In the data below, locate the line containing "点击画刷,选择绿色画刷(保留" and the line containing "For vivo T2X", then retype both and everything between them exactly. Pictures are not part of the copy.

━━━━

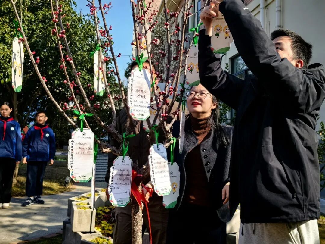 教师们为新栽杏树挂上教育家精神名言
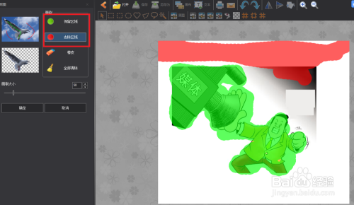 点击画刷,选择绿色画刷(保留区域),把要保留的区域全数刷一下,然后选择红色画刷(去除区域)把不要的处所刷一下。设置完当作后按确定
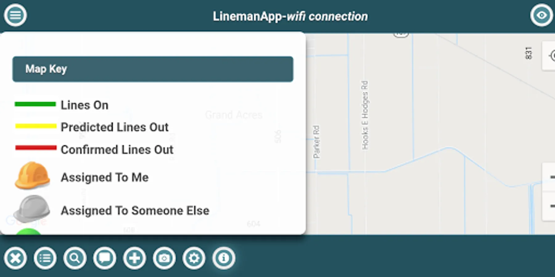 The Lineman-App is a tool for electric field workers. It allows them to see outages as well as a map of the electrical grid. It also allows them to manage their work.
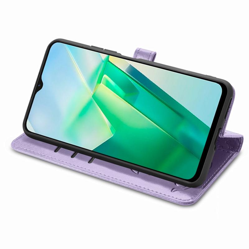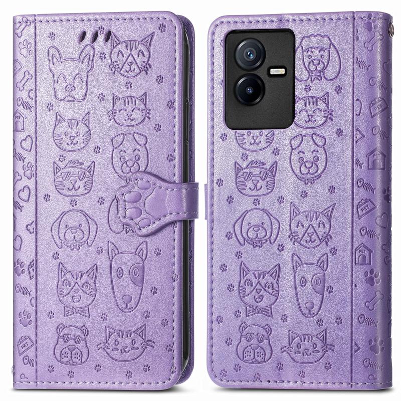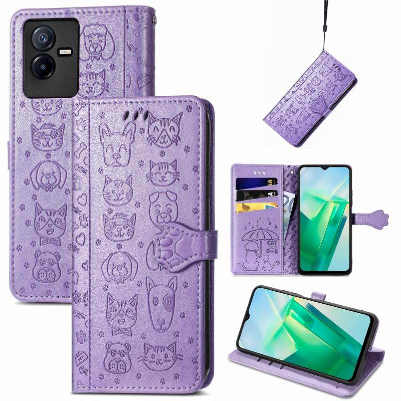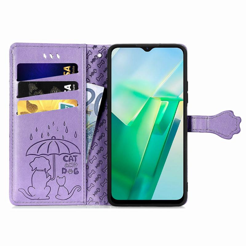 For vivo T2X Cute Cat and Dog Embossed Leather Phone Case(Purple)
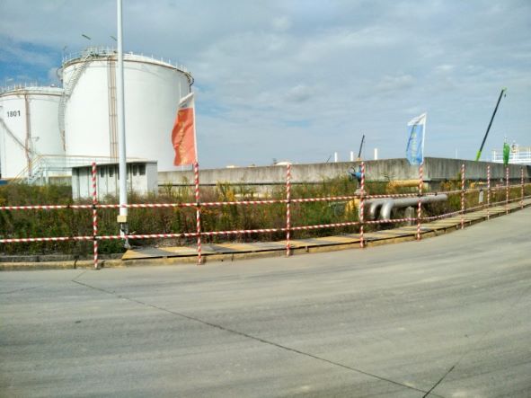 地理位置及周邊環(huán)境:上海孚寶港務(wù)有限公司廠區(qū)南臨海堤,北側(cè)C2地塊屬于上海氯堿公司,西側(cè)A1、A2、A3、B地塊屬上海賽科公司用地,東側(cè)D1地塊分別屬于巴斯夫聚氨酯公司、亨斯邁聚氨酯公司、上海聯(lián)恒異氰酸酯公司。 013#罐組及泵區(qū)位于庫區(qū)的中部,其東側(cè)為已建的010#罐組;南側(cè)為已建的008#罐組和011#罐組;其西側(cè)為已建019#罐組、擬建甲類危廢庫;其西北側(cè)為已建的消防廢水收集池;北側(cè)為庫區(qū)預(yù)留用地,現(xiàn)為空地。新增泵組布置于013#罐組現(xiàn)有泵區(qū)東部。018-2#罐組及泵區(qū)位于庫區(qū)的北部,其東側(cè)為庫區(qū)預(yù)留用地,現(xiàn)為空地;南側(cè)為庫區(qū)預(yù)留用地,現(xiàn)為空地;西側(cè)為已建的區(qū)域變電站及焚燒爐;北側(cè)為018-1#罐組。 | |
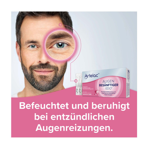 Artelac® Augenbesänftiger EDO® reduziert die Bindehaut-Entzündung durch eine chemischphysikalische Stimulierung (nicht- pharmakologische Wirkung) und befeuchtet mittel bis schwere Formen des Trockenen Auges mit entzündlichen Symptomen.
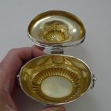 A wonderful Edwardian English sterling silver tea caddy with a hinged lid and ring handles to each side. The body is beautifully decorated with garlands and a simple floral motif. The lid fits well and the hinge in full working order; once opened, a lavishly gilded interior is revealed. The caddy is marked on the back for Birmingham 1902 (the makers mark is somewhat rubbed); this caddy is lucky enough to have an English design registration number on the underside (390774) for 1902. Registration numbers were reserved for items of notable value, the system was not mandatory for all products, it was costly, and it was designed to protect only the most innovative or valuable designs. Excellent antique condition measuring 4" handle to handle x 2 1/2" x 4" tall to top of finial. Weighing 130.6 Grams / 4.2 Troy Ounces. Item: 45995 FREE Worldwide Registered Airmail Directly From the UK FREE Worldwide Shipping Directly From London, England Internal Ref: 45995
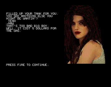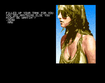 -Ouais. Au bout de dix minutes, un quart d'heure de conduite, on arrive dans un quelconque bled. Là on nous donne le choix de continuer ou de faire une pause. Si on s'arrête, on retombe devant une station-service, où on peut réparer sa moto, acheter de nouvelles pièces (moteur, freins, pneus, joints de culasse), et puis surtout faire le plein. C'est que ça bouffe ces bêtes-là, alors faut faire gaffe, d'autant plus si comme moi tu voyages avec tes économies planquées dans le réservoir. L'avantage c'est qu'ici, l'essence ne coûte que quelques cents du gallon (
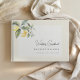 This modern elegant mediterranean design features beautiful watercolor lemons and olives on a butter yellow background.
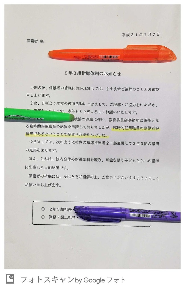 ホーム > 社会問題 > 教師が少なすぎて横浜市の義務教育崩壊寸前 2019/01/19 1: 義務教育のオワリ 2019/01/19(土) 10:42:18.33 0 退職した教師の穴埋めのため臨時教師を募集するが誰も来ないため授業ができない 病気で休職の教師の代わりが見つからず授業が受けられない事態 ↑の穴埋めが見つかったが在任期間が短すぎて成績がつけられない 続きを読む - 社会問題

━━━━

» **SOLVED PROBLEM**:
 点击画刷,选择绿色画刷(保留区域),把要保留的区域全数刷一下,然后选择红色画刷(去除区域)把不要的处所刷一下。设置完当作后按确定
 The Lineman-App is a tool for electric field workers. It allows them to see outages as well as a map of the electrical grid. It also allows them to manage their work.
 For vivo T2X Cute Cat and Dog Embossed Leather Phone Case(Purple)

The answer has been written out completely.